I messaged her back my new cell phone number, and a few moments later we were chatting.

“So, do you wanna go to Bangladesh in January?”

Dude, Lindsey. That is not a quick question.

* * *

2011 and 2012 have been an intense years for me.

At the beginning of 2011, I was a single girl, just beginning to feel aches and pains in my heart over the lack of true-Jesus and true-good women in my life. I was quitting my full time job and dropping out of college for the second time*. Not in a cool Christian, hipster sort of way – but in an I’m totally miserable and this cannot be what life is about kind of way. (I mean maybe it was just a tiny bit Christian/hipster, but whatevs. It’s working out.)

Have you ever been outside in a vast field, with a blindfold over your eyes? What is before you is massive, infinite, laden with answers to life…but you can only somehow feel its vastness, and the hands on your blindfold are whispering, “not yet, not yet, not yet.”

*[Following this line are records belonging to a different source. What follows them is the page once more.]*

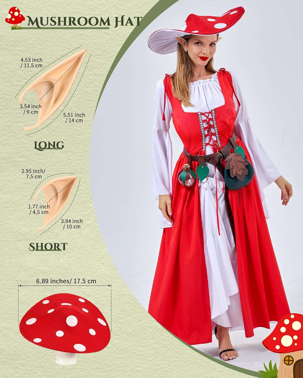 Features: Halloween mushroom hat: The mushroom hat are brightly colored, feature striking designs, and are flexible to fit any head shape. Whether you're attending a medieval-themed party, a Renaissance fair, or simply want to add a touch of whimsy to your everyday look, this mushroom hat will offer endless styling possibilities. Thoughtful Halloween gifts: This medieval renaissance dress with mushroom hat and costume accessories is a thoughtful gift for history buffs, costume enthusiasts, or anyone who appreciates unique and stylish fashion. It's sure to bring joy and excitement to the recipient on any special occasion. Specifications: Material: cotton, polyester and blends Color: main red, green and white Package includes: 1 x Two-piece medieval skirt 2 x Fairy ears 1 x Mushroom hat 1 x Medieval viking belt 2 x Leaf skirt hikes 1 x Leaf-decorated potion bottle 1 x Leaf pouch bag Notes: Manual measurement, please allow slight errors on size. The color may exist a slight difference due to different screen displays.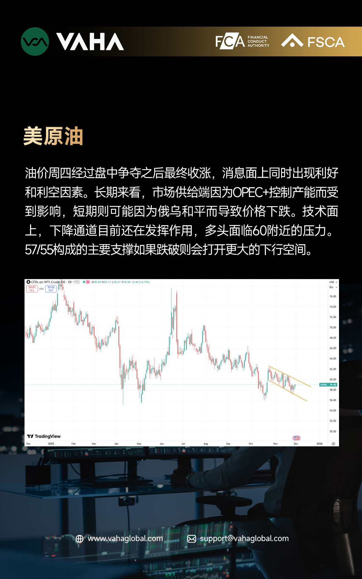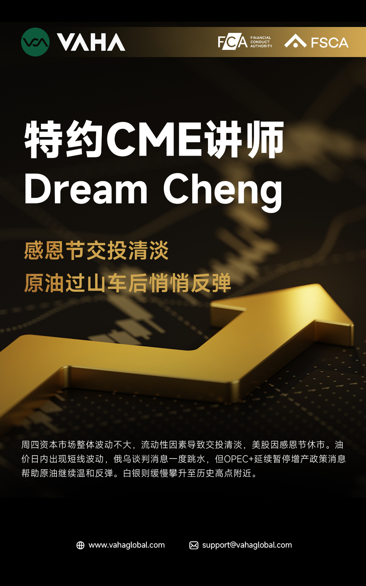 週四資本市場整體波動不大,流動性因素導致交投清淡,美股因感恩節休市。油價日內出現短線波動,俄烏談判消息一度跳水,但OPEC+延續暫停增產政策消息説明原油繼續溫和反彈。白銀則緩慢攀升至歷史高點附近。
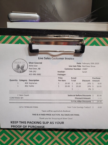 The total is already discounted with any sales you received, and you invoice is ready for check out. All you need to do is add it to your cart, along with any other items you would like to purchase and we will get your treasures on the way!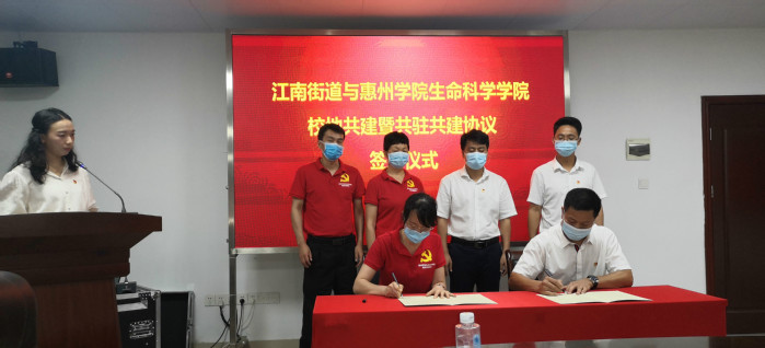 本网讯 近日,生命科学学院党总支与惠城区江南街道党工委举行校地共建合作暨共驻共建协议签约仪式,江南街道党工委书记戴新辉、办事处主任何东文以及江南街道相关领导、各相关部门负责人,学院党政班子成员、党员代表等参加了仪式。签约仪式在江南街道办事处举行。此次签约仪式主要是签订双方校地党建共建和乡村振兴共驻共建协议,进一步推进基层党建工作创新和促进乡村全面振兴。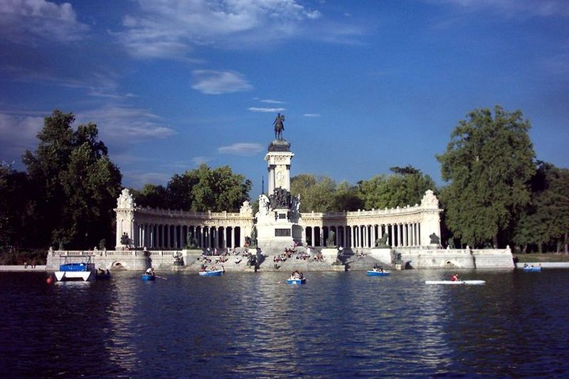 Érigé en 1922 par l’architecte José Grases Riera, le monument à Alphonse XII se dresse fièrement devant l’étang. Son imposante colonnade et la statue équestre du roi honorent la monarchie espagnole. L’espace central, souvent animé, accueille des artistes de rue et offre un panorama exceptionnel sur le bassin. Véritable point de rassemblement, ce monument illustre l’essor urbain de Madrid à l’aube du XXème siècle et suscite un grand intérêt historique.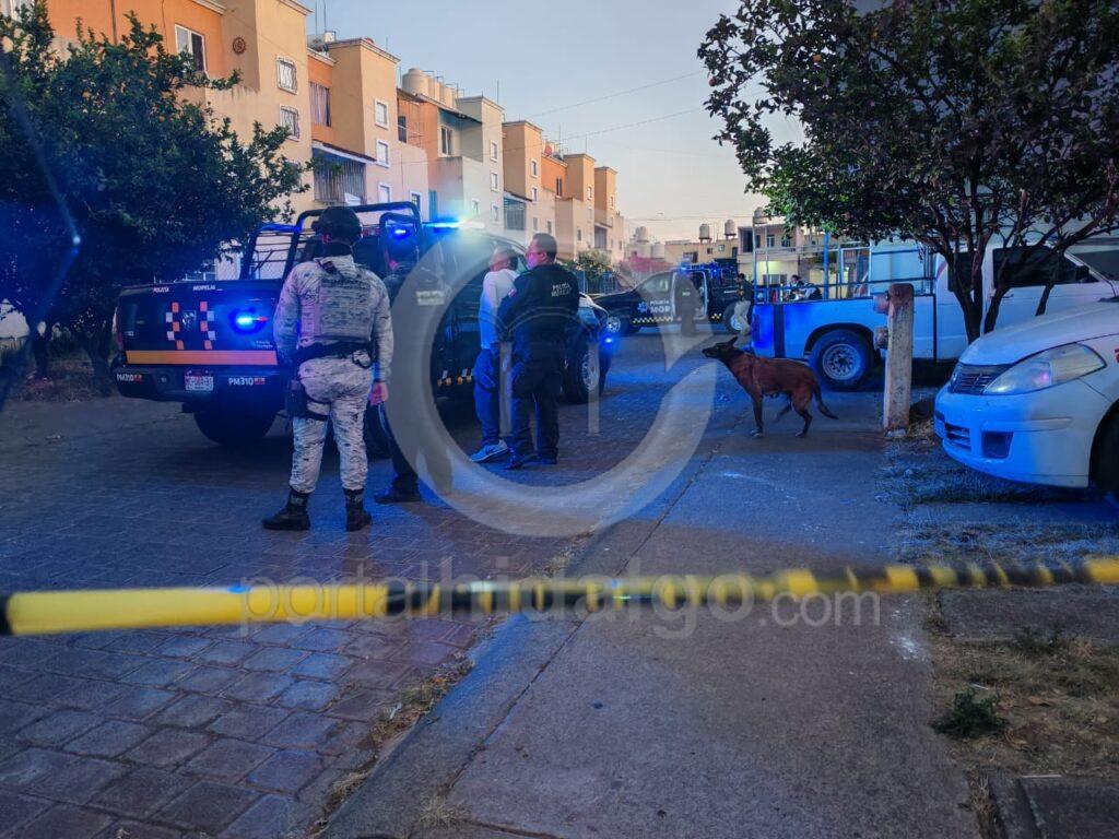 De acuerdo con la información recabada en el lugar de los hechos, un masculino recibió un impacto de proyectil en la cabeza y tras los disparos corrió dejando a su paso un rastro de sangre que a unos metros se pierde a mitad de la calle, lo que hace suponer que fue retirado del área en algún vehículo, ignorándose hasta el momento su identidad y paradero.

At the beginning of 2012, I was an oh-lord-I-just-met-someone-and-suddenly-got-married girl, just beginning to feel the aches and pains of finally seeing life created within relationships with girls through the new Good Women Project (one of the most beautiful parts of my entire life!) but asking, isn’t there more to All Of This than just talking. writing. telling my story, a thousand times over?

And now here I am, at the almost-beginning of 2013, with Bangladesh before me, and a year of emotional upheaval about the lack of doing, giving, face-to-face-love-ing behind me.

I made that sound more intense than I should have, perhaps, but there’s a reason that the posts have been going up slowly on Good Women Project and here on my blog. The heart shifts and grows, and these digital pages are learning how to align themselves with the newly budding desires and ever-maturing perspective. I have decades of damage from closing out my heart’s cries, and this outward silence is my learning to hear.

* * *

Lindsey and I talked some more, and she shared with me what Food For The Hungry has been doing around the world, and what they’re doing with women in Bangladesh.

It sounded incredible, but I felt like someone had just asked me how I’d feel about visiting the moon tomorrow. This is all well and good, hypothetically speaking, and for all my friends who do missions trips and live abroad, but wait – really – this is like, the actual moon. My apartment is in Hollywood and I have like, a real sweet grownup job involving celebrities ‘n stuff.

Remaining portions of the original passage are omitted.